* [Prompt]: Only the text should be kept: print every entry below exactly and leave each image out.

* [Data records]:

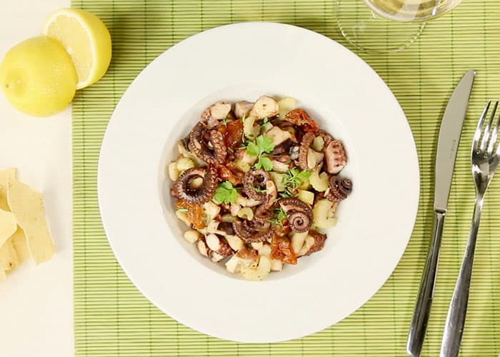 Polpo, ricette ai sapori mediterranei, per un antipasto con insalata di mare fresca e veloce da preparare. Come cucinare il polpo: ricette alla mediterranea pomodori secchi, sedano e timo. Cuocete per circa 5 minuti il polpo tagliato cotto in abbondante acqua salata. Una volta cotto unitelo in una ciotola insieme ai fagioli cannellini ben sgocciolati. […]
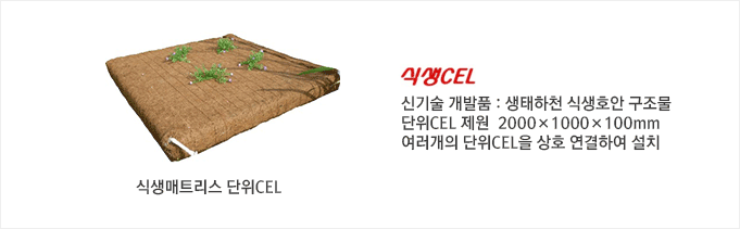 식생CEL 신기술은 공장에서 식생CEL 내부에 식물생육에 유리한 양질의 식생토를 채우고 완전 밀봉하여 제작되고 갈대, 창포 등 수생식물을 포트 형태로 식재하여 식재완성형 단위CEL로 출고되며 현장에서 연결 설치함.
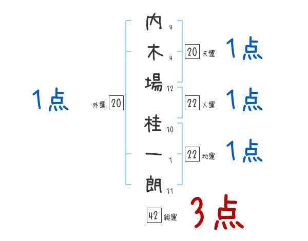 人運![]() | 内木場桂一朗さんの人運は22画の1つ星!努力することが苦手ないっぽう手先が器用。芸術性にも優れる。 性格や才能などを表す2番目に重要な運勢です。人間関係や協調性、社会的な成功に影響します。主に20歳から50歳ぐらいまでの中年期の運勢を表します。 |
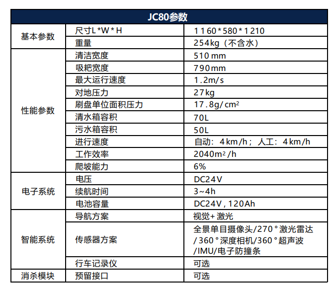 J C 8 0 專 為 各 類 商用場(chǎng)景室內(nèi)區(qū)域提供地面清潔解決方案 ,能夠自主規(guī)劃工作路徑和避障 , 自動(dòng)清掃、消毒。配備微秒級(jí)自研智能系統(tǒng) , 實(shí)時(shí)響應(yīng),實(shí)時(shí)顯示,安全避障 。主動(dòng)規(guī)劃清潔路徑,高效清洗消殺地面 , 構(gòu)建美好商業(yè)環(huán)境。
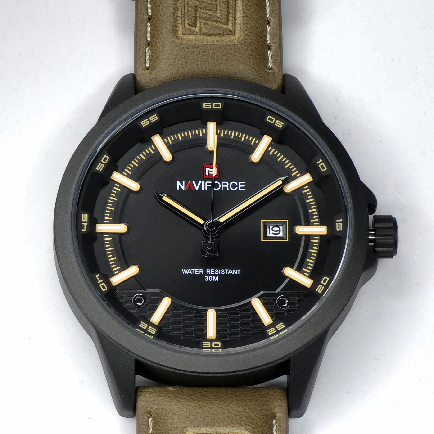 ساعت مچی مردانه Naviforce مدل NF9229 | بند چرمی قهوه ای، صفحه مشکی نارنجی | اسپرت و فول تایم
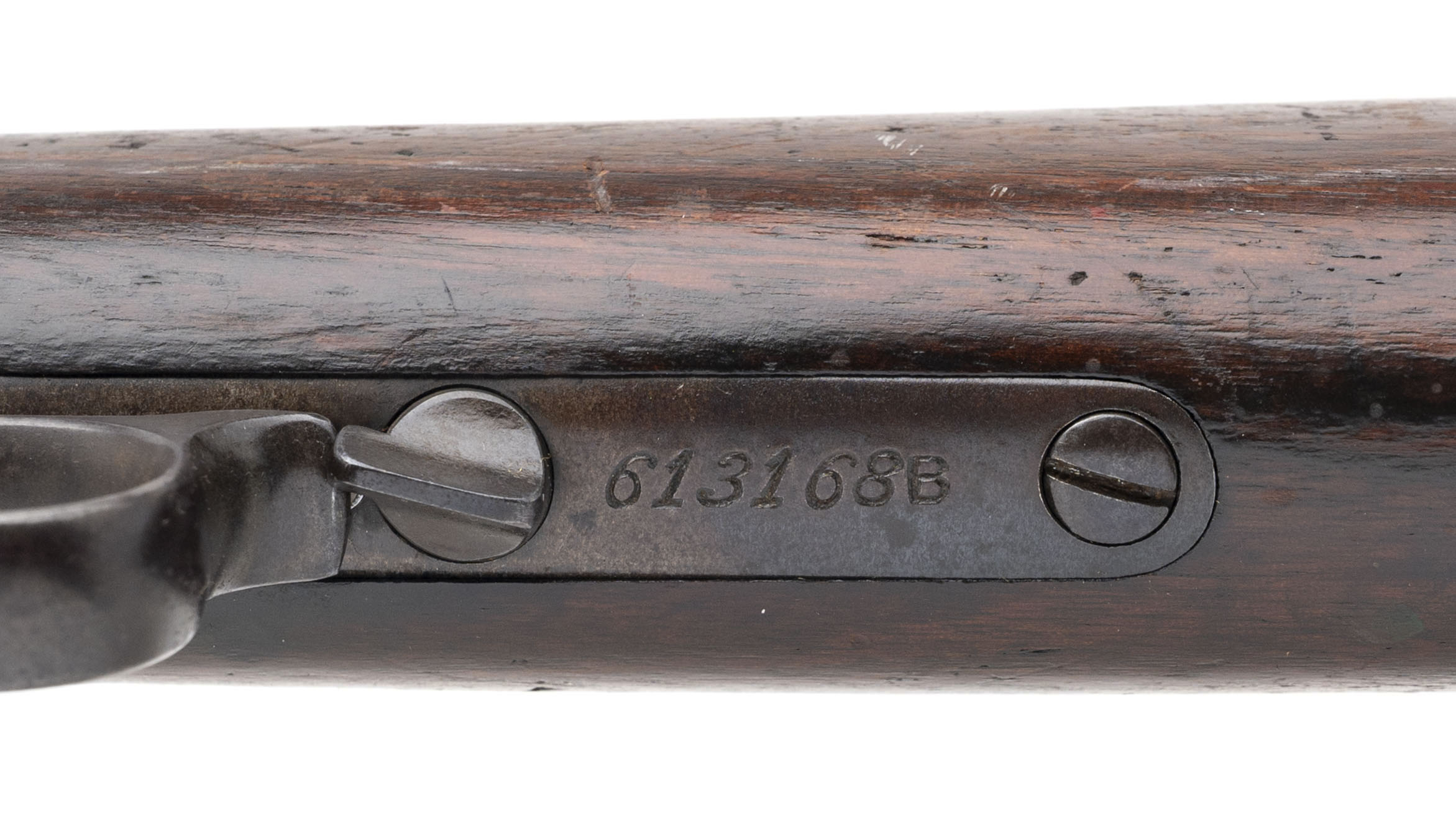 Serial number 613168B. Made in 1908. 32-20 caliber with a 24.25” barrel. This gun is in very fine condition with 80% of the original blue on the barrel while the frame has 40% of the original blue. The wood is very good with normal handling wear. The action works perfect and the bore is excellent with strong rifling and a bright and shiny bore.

* [Exercise response]:
 Polpo, ricette ai sapori mediterranei, per un antipasto con insalata di mare fresca e veloce da preparare. Come cucinare il polpo: ricette alla mediterranea pomodori secchi, sedano e timo. Cuocete per circa 5 minuti il polpo tagliato cotto in abbondante acqua salata. Una volta cotto unitelo in una ciotola insieme ai fagioli cannellini ben sgocciolati. […]
 식생CEL 신기술은 공장에서 식생CEL 내부에 식물생육에 유리한 양질의 식생토를 채우고 완전 밀봉하여 제작되고 갈대, 창포 등 수생식물을 포트 형태로 식재하여 식재완성형 단위CEL로 출고되며 현장에서 연결 설치함.
 人運![]() | 内木場桂一朗さんの人運は22画の1つ星!努力することが苦手ないっぽう手先が器用。芸術性にも優れる。 性格や才能などを表す2番目に重要な運勢です。人間関係や協調性、社会的な成功に影響します。主に20歳から50歳ぐらいまでの中年期の運勢を表します。 |
 J C 8 0 專 為 各 類 商用場(chǎng)景室內(nèi)區(qū)域提供地面清潔解決方案 ,能夠自主規(guī)劃工作路徑和避障 , 自動(dòng)清掃、消毒。配備微秒級(jí)自研智能系統(tǒng) , 實(shí)時(shí)響應(yīng),實(shí)時(shí)顯示,安全避障 。主動(dòng)規(guī)劃清潔路徑,高效清洗消殺地面 , 構(gòu)建美好商業(yè)環(huán)境。
 ساعت مچی مردانه Naviforce مدل NF9229 | بند چرمی قهوه ای، صفحه مشکی نارنجی | اسپرت و فول تایم
 Serial number 613168B. Made in 1908. 32-20 caliber with a 24.25” barrel. This gun is in very fine condition with 80% of the original blue on the barrel while the frame has 40% of the original blue. The wood is very good with normal handling wear. The action works perfect and the bore is excellent with strong rifling and a bright and shiny bore.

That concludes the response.